5 Habits that Enable an Abuser (& 5 Ways to Change It)
Enabling is an uncomfortable word, but it’s a very real part of abusive relationships. Enabling happens when a victim engages in behaviors that hide abuse and shield the abuser from the consequences of their actions. Enabling allows abuse to worsen by keeping evil shrouded in darkness (where it only grows).
Let me be clear:
Abuse is NEVER a victim’s fault.
You are never to blame for an abuser’s choice to hurt you.

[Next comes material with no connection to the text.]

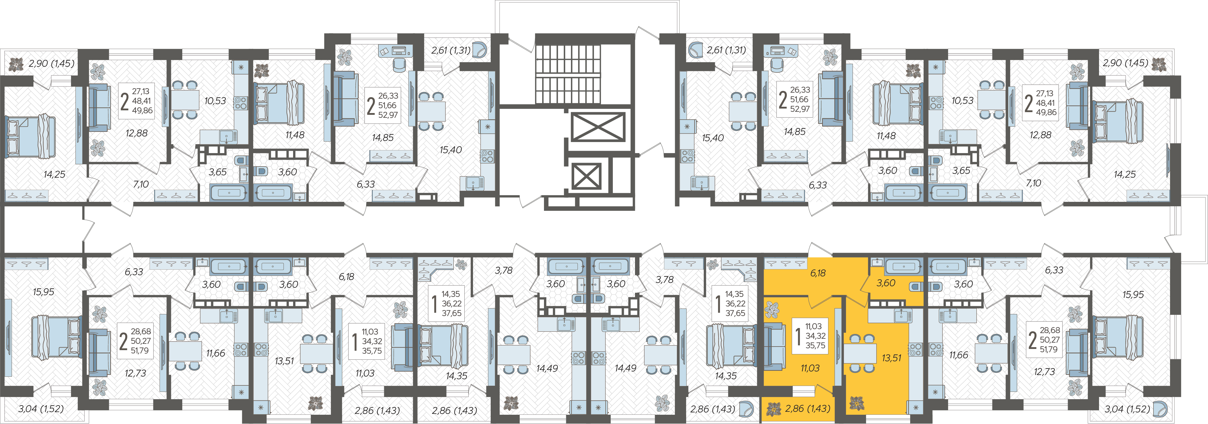 1-комнатная квартира №114, 35.75 м²

That being said, enabling permits abuse to continue. And I know it comes from a well-meaning place; it’s just that many times, what we think is the loving or biblical thing to do truly isn’t. But it is possible to rise above the dynamics of an abusive relationship, and to access the healing and power that come through authentically biblical responses to abuse.
The Roots of Enabling
As we discussed previously, a person who is being terrorized by an abuser is NOT causing the abuse. AT ALL. Abuse is never an understandable way to deal with another person, especially not from the hands of someone who claims to love you. But somehow, victims are groomed to believe they are part of the problem. How does this happen?
When a person is continually abused, a phenomenon known as “battering fatigue” sets in. “Battering fatigue” can cause a victim to normalize and minimize abuse as they empathetically (and defeatedly) lower their standards. The abused person rationalizes that the abuser is not perfect, and often empathizes with the perpetrator over the significant traumas that they have experienced (and might I add, NOT healed from). The abused person believes the best, and is quick to accept apologies and promises, rather than carefully watching what the abuser’s behaviors actually reveal about their attitudes and character.
An abused partner may then believe that loving the abusive person better will save the relationship. It’s common for the abused to believe they can help the abuser change by setting a better example. Churches further this myth by giving similar advice. But an abuser thrives on control and manipulation, and derives power from watching another person jump through hoops for them. Nothing the abused person does can ever be enough for a person who has an excessive need for adoration. In the end, the victim’s attempts to please the abuser only allow the problems to swell as the abused person does all the work, playing into the abuser’s elaborate (and intentional) manipulation.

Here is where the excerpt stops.